You can use the LabVIEW FPGA Module to rapidly prototype and develop hardware in the same intuitive programming environment you use to develop software applications. However, you might have algorithms or applications in a hardware description language (HDL) that you want to use in FPGA VIs without rewriting the code in LabVIEW. If you have a block of HDL code you want to use in an FPGA VI, you can enter the code in the HDL Interface Node rather than rewriting the code in LabVIEW.

Table of Contents

  1. Introduction
  2. Defining Ports
  3. Defining Functionality
  4. Using External HDL Code
  5. Emulating the HDL Interface Node
  6. Simulating the HDL Code
  7. Additional Resources

1. Introduction

You can use the LabVIEW FPGA Module to rapidly prototype and develop hardware in the same intuitive programming environment you use to develop software applications. However, you might have algorithms or applications in a hardware description language (HDL) that you want to use in FPGA VIs without rewriting the code in LabVIEW. If you have a block of HDL code you want to use in an FPGA VI, you can enter the code in the HDL Interface Node rather than rewriting the code in LabVIEW. You enter all the parameters and the HDL code in the Configure HDL Interface Node dialog box. The parameters become terminals on the HDL Interface Node. You then wire the parameters as you do any VI or function on the block diagram. Do not use the HDL Interface Node if you are not already familiar with an HDL programming language.

When you first place the HDL Interface Node on the block diagram of an FPGA VI, the node has no inputs, outputs, or defined functionality. Double-click the node to display the Configure HDL Interface Node dialog box. Use the Configure HDL Interface Node dialog box to configure inputs, outputs, internal functionality, external reference files, and so on. You can write HDL code to run in While Loops, single-cycle Timed Loops, or anywhere on the block diagram. You can configure the HDL Interface Node to use a separate emulation VI if you target an FPGA target emulator. You also can generate test benches to use in HDL simulators that test the functionality of the HDL component.
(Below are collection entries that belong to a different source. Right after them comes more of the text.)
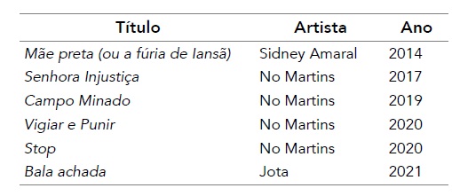 entre 2014-2021. Os resultados indicam que tais obras problematizam questões acerca das dimensões raciais do policiamento e seus regimes de vigilância, controle e violência.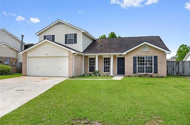 Here's Home Contentment" 100% Financing Available on this great home with plenty of curb appeal. Move in condition with new carpet, fresh paint, some new fans & light fixtures. Soaring ceiling in den with cozy fireplace. Formal living & dining room. Meal prep is a breeze in this spacious kitchen with oak cabinets & new granite counters. Master down plus 3 nice size bedrooms upstairs. Large privacy fenced yard with shed. Free Home Warranty.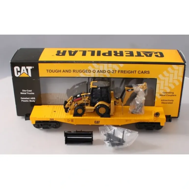 This is a MTH 30-76349 O Gauge Caterpillar Flatcar w/ CAT432E Backhoe #2010. High quality, traditionally sized RailKing Freight Cars provide detailed bodies and colorful paint schemes for the O Gauge railroader. MTH makes an enormous variety of RailKing Freight Cars, including many different car types and roadnames. No matter what era or part of the country you are modeling, RailKing is sure to have something for you. c 2008 Caterpillar, CAT, CATERPILLAR, their respective logos, Caterpillar Yellow and the POWER EDGE trade dress, as well as corporate and product identity used herein, are trademarks of Caterpillar and may not be used without permission. Features include Intricately Detailed Durable ABS Body, Metal Wheels and Axles, Die-Cast 4-Wheel Trucks, Operating Die-Cast Metal Couplers, Colorful, Attractive Paint Schemes, Decorative Brake Wheels, Fast-Angle Wheel Sets, Needle-Point Axles, (2) Die-Cast CAT 906 Compact Wheel Loaders, Unit Measures:11 5/8 x 2 1/4 x 3 3/4, Operates On O-27 Curves.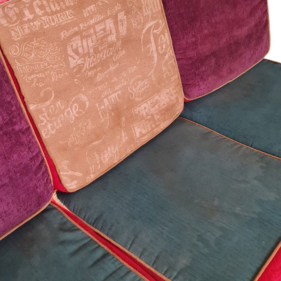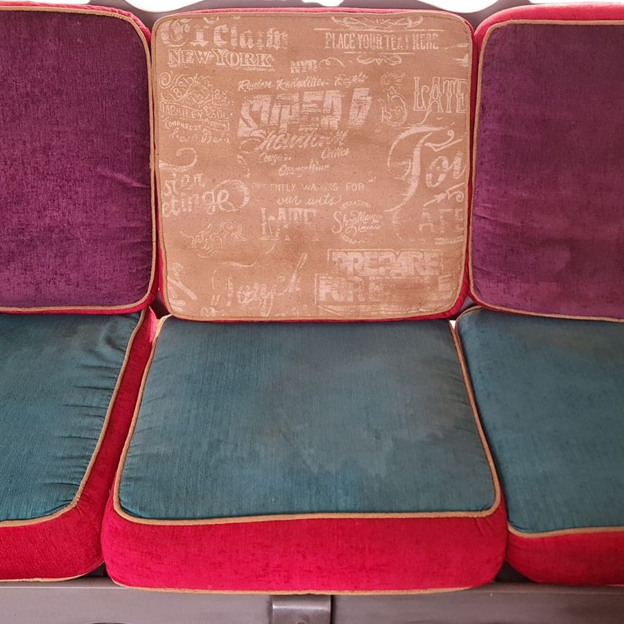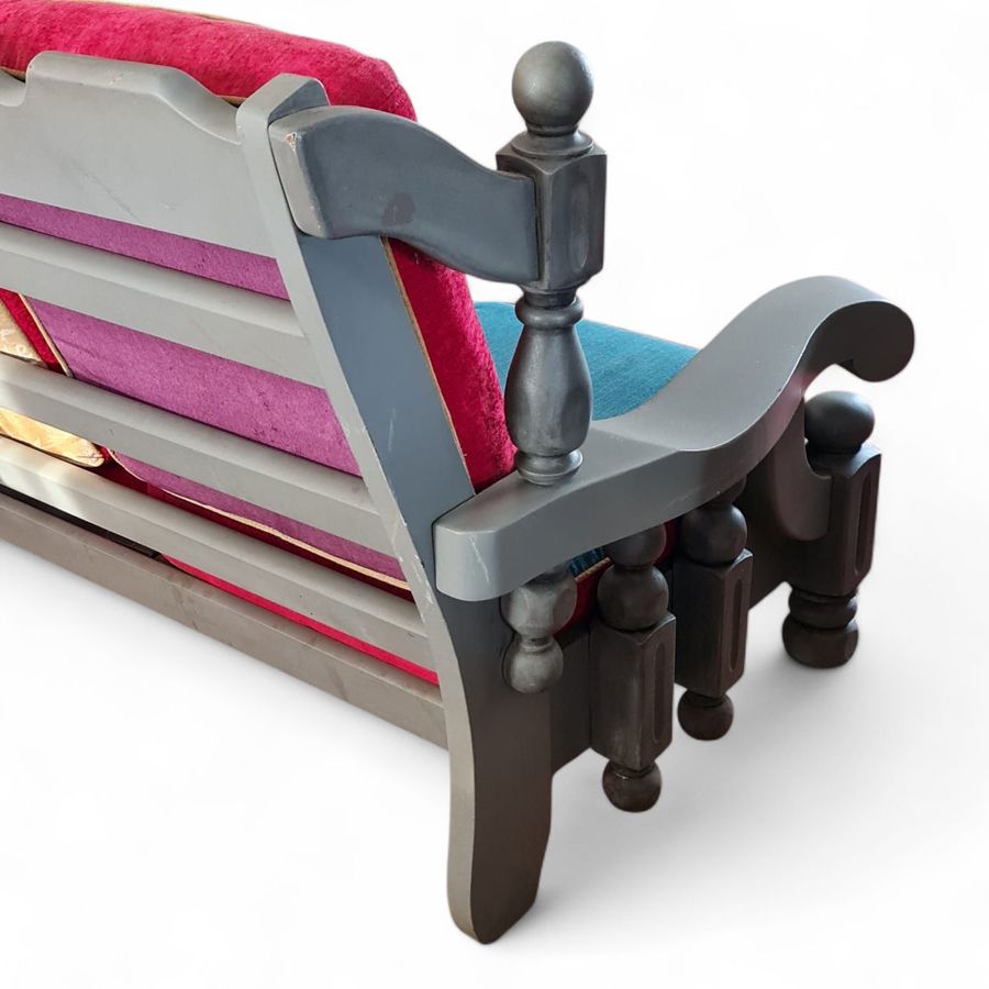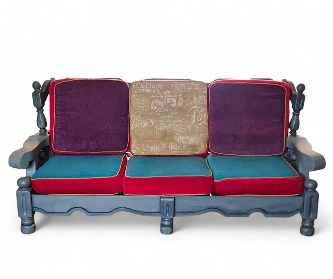 Vintage wooden sofa featuring a sturdy frame with decorative spindles and armrests.

You cannot access I/O resources in the HDL code. If the HDL code needs to access I/O resources, you must create parameters for the input and output signals. You then can wire the parameters on the HDL Interface Node to FPGA Device I/O functions. In the FPGA Module 8.0, you can wire the parameters to the FPGA I/O functions.

Refer to the LabVIEW Help, which is available by selecting Help»Search the LabVIEW Help, for specific reference information about the HDL Interface Node and the Configure HDL Interface Node dialog box. Refer to the FPGA Module examples, available in NI Example Finder, for example VIs that use the HDL Interface Node.

Note LabVIEW currently supports VHDL in the HDL Interface Node. To use Verilog or another hardware design language, first compile the files to an EDIF or NGC netlist. You then can attach the netlist file to the HDL Interface Node on the External Files tab of the Configure HDL Interface Node dialog box and interface to the netlist file with HDL code on the Code tab.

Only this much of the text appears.